**What is needed**
Begin your copy at the line that holds "black shingle roof" and carry it through the final line of the data, writing out each line exactly and omitting pictures.

**Dataset excerpt**
-*-*-

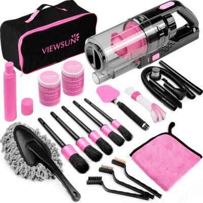 Viewsun 17pcs Car Cleaning Kit, Pink Car Interior Detailing Kit with High Power Handheld Vacuum, Detailing Brush Set, Windshield Cleaner, Cleaning Gel, Complete Auto Accessories for Women Gift
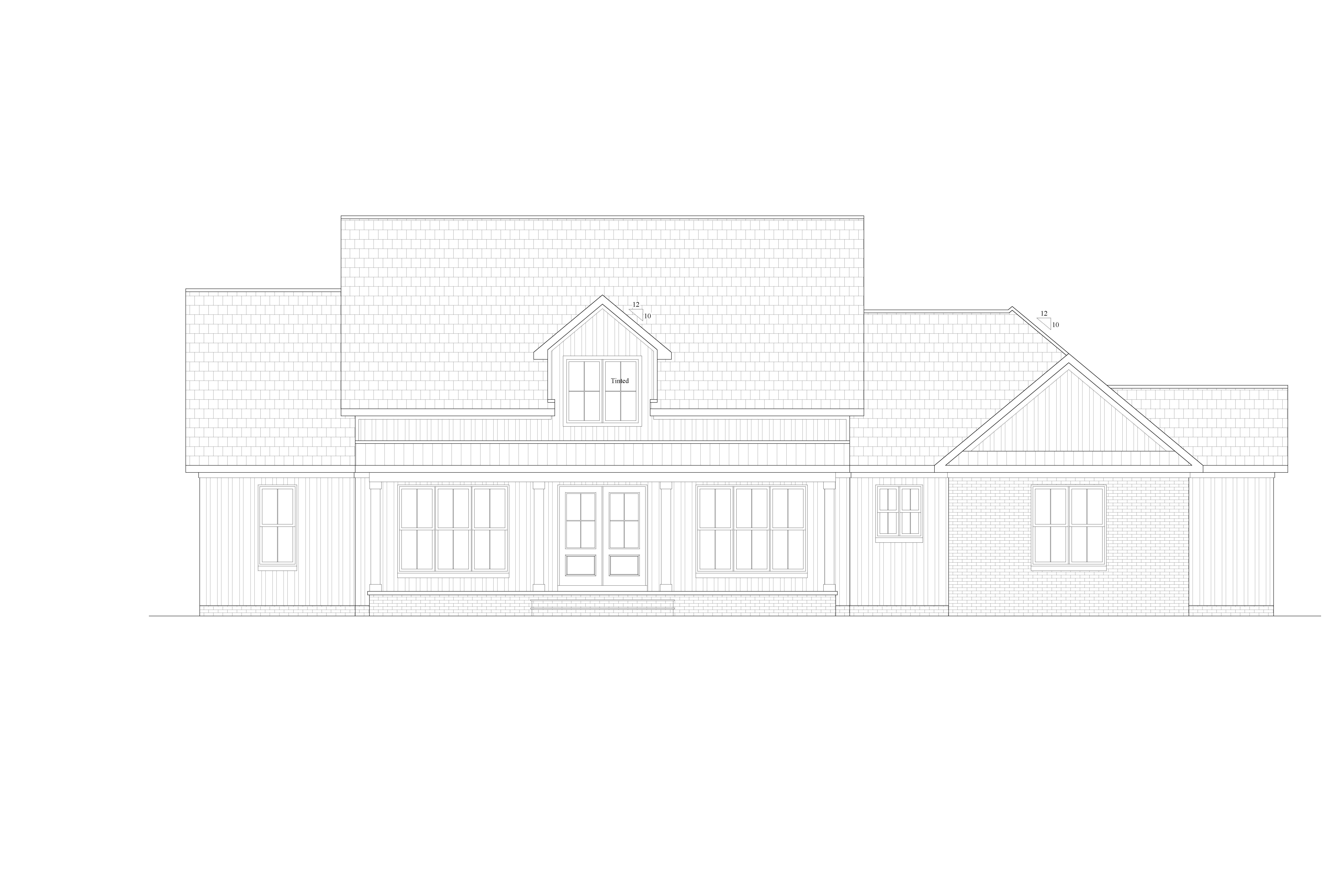 black shingle roof black metal porch roofing black windows black trim dark grey brick foundation with black mortar wood porch posts and beams wood front door iron ore board and batt siding
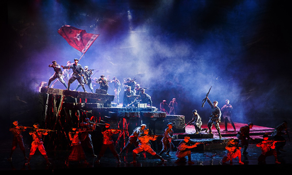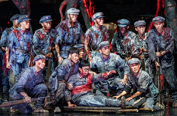 原创音乐剧《血色湘江》是广西歌舞剧院的精品剧目,演出由广西歌舞剧院青年声乐演员担纲。该剧入选了文化和旅游部“庆祝中国共产党成立100周年舞台艺术精品创作工程”重点扶持作品、第二届全国优秀音乐剧展演、广西当代文学艺术创作工程扶持项目,获全国第六届少数民族文艺会演“舞台美术奖”。秉承着常演常新、精益求精的精神,主创团队对该剧进行了3次整体修改提升。

-*-*-

**Your response**
 black shingle roof black metal porch roofing black windows black trim dark grey brick foundation with black mortar wood porch posts and beams wood front door iron ore board and batt siding
 原创音乐剧《血色湘江》是广西歌舞剧院的精品剧目,演出由广西歌舞剧院青年声乐演员担纲。该剧入选了文化和旅游部“庆祝中国共产党成立100周年舞台艺术精品创作工程”重点扶持作品、第二届全国优秀音乐剧展演、广西当代文学艺术创作工程扶持项目,获全国第六届少数民族文艺会演“舞台美术奖”。秉承着常演常新、精益求精的精神,主创团队对该剧进行了3次整体修改提升。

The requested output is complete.